Here you go, with videos and all, 2 types of exhaust, one is touring for daily drivers.

http://www.awe-tuning.com/products/vw-1/mk6-g-j-2010/gj-25/mk6-jetta-2-5l-exhaust.html


----------



## tchilds (Nov 21, 2008)

bah the MK6 exhaust is cheaper and sounds better

go figure lol


----------



## jaja123 (Jan 17, 2011)

The magnaflow replaced the res and yes still on 2.25. My axel back causes a lot of the rush sound, without the axelback on mine it sounds smoother.


----------



## DerekH (Sep 4, 2010)

jaja123 said:


> The magnaflow replaced the res and yes still on 2.25. My axel back causes a lot of the rush sound, without the axelback on mine it sounds smoother.


Sweet, thank. So its like a 14 inch or so? ill probably do something similar but get a GTI exhaust and have the mufflers removed and replaced with one of those. I figure i could get a 2.5 inch exhaust on my car for less than 300 bucks.


----------



## Laser04 (May 25, 2006)

tchilds said:


> borla! all grunt, no rasp, perfect tone, multiple options to get sound you are looking for instead of just different sizes.
> 
> /end


Yep.

//end


----------



## nothing-leaves-stock (Mar 1, 2005)

borla's are crap. they break welds and crack inside.
i stopped using them years ago.

maganflow is all we use now...no problems


----------



## thygreyt (Jun 7, 2009)

do yourself a favor, and go magnaflow!


----------



## tchilds (Nov 21, 2008)

nothing-leaves-stock said:


> borla's are crap. they break welds and crack inside.
> i stopped using them years ago.
> 
> maganflow is all we use now...no problems


Wow really? They've never let anybody I know down, and they're literally melting them at 180mph. The warranty on them is good too 

Oh well who knows I still think the borla on the 5 cyl and vr6 is hands down best sounding. If they fall apart on me then I will agree with you but for now, agree to disagree


----------



## tchilds (Nov 21, 2008)

thygreyt said:


> do yourself a favor, and go magnaflow!



Bwahahaa, this is headers, mounts, wrapped, custom build, magnaflow. I would reproduce your setup in a heart beat though bro :heart: (with a magnaflow)


----------



## nothing-leaves-stock (Mar 1, 2005)

tchilds said:


> Wow really? They've never let anybody I know down, and they're literally melting them at 180mph.
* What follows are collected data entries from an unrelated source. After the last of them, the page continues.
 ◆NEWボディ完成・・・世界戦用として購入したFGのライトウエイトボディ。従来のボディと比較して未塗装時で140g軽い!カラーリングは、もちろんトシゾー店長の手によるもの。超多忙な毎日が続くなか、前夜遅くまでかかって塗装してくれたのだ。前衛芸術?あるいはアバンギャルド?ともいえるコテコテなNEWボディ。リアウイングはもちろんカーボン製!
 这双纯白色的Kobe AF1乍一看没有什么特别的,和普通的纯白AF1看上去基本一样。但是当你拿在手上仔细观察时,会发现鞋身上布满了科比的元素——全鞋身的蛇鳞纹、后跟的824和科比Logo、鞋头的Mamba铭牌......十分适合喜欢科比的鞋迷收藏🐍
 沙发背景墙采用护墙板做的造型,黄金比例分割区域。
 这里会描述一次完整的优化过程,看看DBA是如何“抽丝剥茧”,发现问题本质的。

The warranty on them is good too
> 
> Oh well who knows I still think the borla on the 5 cyl and vr6 is hands down best sounding. If they fall apart on me then I will agree with you but for now, agree to disagree


yup. they flex A LOT. yes, they sound great, i agree. BUT the frame design is weak and flexes. we have swapped out a bunch of borlas and installed magnaflows. the MF can design is solid and hard core built. they are a BIT heavier but not enough to cry about. we used borla for a few years at 1st but had to replace 20% of them....NEVER a magnaflow.


----------



## thygreyt (Jun 7, 2009)

lol, i just wanted to say, many of the "exhaust systems" use crappy mufflers, with sidewalls as thin as a sheet of paper...
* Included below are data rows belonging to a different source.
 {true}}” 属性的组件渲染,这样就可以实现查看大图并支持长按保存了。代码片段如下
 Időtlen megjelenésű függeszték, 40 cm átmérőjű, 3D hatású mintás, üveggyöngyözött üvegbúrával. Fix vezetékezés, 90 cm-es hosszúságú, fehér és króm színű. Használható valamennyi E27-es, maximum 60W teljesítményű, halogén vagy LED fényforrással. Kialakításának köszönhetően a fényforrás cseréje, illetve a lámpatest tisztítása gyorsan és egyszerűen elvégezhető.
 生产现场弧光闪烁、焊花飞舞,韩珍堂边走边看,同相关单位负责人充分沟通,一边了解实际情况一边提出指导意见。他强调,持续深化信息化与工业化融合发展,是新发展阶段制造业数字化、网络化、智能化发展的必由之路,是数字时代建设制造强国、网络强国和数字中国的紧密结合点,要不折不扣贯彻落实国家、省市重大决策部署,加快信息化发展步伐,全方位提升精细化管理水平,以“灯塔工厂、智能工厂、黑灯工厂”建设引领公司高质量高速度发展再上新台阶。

Magnaflow's are much better built, and can result in awesome sound.

and this is comming from a guy who has worked with the stock mufflers, Neuspeed's and Awe...
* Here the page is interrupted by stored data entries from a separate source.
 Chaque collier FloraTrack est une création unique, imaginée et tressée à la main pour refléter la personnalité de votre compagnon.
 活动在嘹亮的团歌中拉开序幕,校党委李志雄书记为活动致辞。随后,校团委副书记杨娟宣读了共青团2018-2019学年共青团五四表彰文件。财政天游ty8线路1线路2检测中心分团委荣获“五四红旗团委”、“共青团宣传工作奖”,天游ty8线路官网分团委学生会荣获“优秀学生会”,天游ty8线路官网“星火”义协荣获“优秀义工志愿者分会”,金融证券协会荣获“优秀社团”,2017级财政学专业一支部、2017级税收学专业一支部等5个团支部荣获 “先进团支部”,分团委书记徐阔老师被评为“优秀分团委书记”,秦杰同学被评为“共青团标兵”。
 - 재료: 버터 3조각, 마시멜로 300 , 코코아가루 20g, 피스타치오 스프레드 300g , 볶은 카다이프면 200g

Awe's quality is good on the pipes...mufflers?


----------



## nothing-leaves-stock (Mar 1, 2005)

AWE's stuff is all hand built. i've only seen one muffler crack *BUT it was a test car*. none after that one was changed.
AWE does good stuff:thumbup:


----------



## tchilds (Nov 21, 2008)

AWE custom fabricates from the ground up on their catback? Now I feel REALLY bad for complaining that the price on the MK6 is lower than MK5 exhaust.


----------



## A.k.A Funky Chicken (Oct 11, 2011)

i have read a couple other threads about people wanting an exhaust for there cars and in every thread some one talks about how bad the drone can be with having a cat back system with just a mangnaflow muffler and no resonator. is the drone that bad where you cant have a conversation with a passenger in the car or what? im going for an exhaust in about two weeks and im still up in the air of what i wanna do. :banghead: any opinions??


----------



## thygreyt (Jun 7, 2009)

nothing-leaves-stock said:


> AWE's stuff is all hand built. i've only seen one muffler crack *BUT it was a test car*. none after that one was changed.
> AWE does good stuff:thumbup:





















it has happened twice to me, in the last 10 months. so yes, AWE's "hand built quality" isnt the best.

and in the pics you can see how thin these walls are.

since its the second time, i just didnt want to go through the hassle of replacing it.. again. so i just patched it, and built new hangers from the pipes themselves.


----------



## jaja123 (Jan 17, 2011)

for me at 2500 rpm it is probably loud enough to overpower a conversation but other than that rpm its fine


----------



## tchilds (Nov 21, 2008)

the drone is worse in hatchbacks than sedans too.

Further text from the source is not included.